Missed Opportunities, Locked Doors
The most frustrating thing about The Apartment is how close it comes to being something genuinely interesting. The premise is strong. Single-location horror, unreliable memory, guilt manifested as confinement—that’s fertile ground.
But every time it could dig deeper, it shrugs. Every time it might let a character become more than a symbol, it pulls back. Every time the horror could turn sharp, it just sort of… flickers and dies.
By the time the “dark past” is finally confronted, you don’t feel catharsis. You feel relief that the movie might finally end.
Final Verdict: Do Not Disturb
The Apartment wants to be an existential horror chamber piece about guilt, memory, and self-imposed prisons. What it actually is, most of the time, is watching a mildly distressed man in a locked flat, surrounded by half-developed ideas.
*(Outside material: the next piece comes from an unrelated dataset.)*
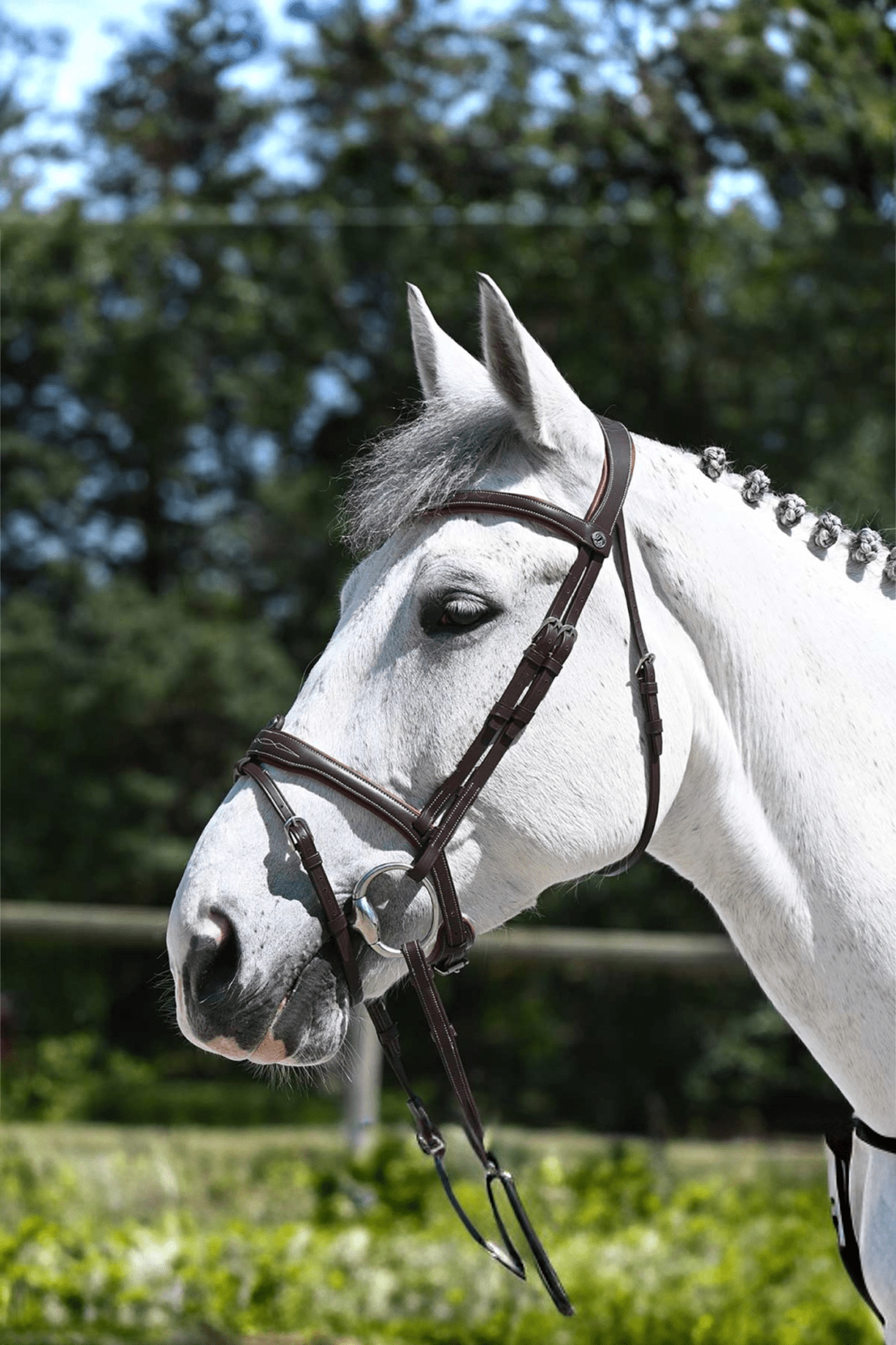 Trense med Aachennæsebånd fra Signature by Antarès. En trense med polstret nakkestykke og næsebånd. Broderi på pandebånd og næsebånd giver trensen et klassisk, elegant udseende. Spænder i rustfrit stål.

If you enjoy super-minimalist, heavily metaphorical slow burns and don’t mind carrying most of the emotional weight yourself, you might find some value in it as an experiment.
But if you’re looking for a horror film that pays off its premise with tension, scares, or even just a compelling emotional journey, this will feel less like a gripping descent into the psyche… and more like being trapped in someone else’s unfinished therapy session.
With chains. And padlocks. And no exit sign in sight.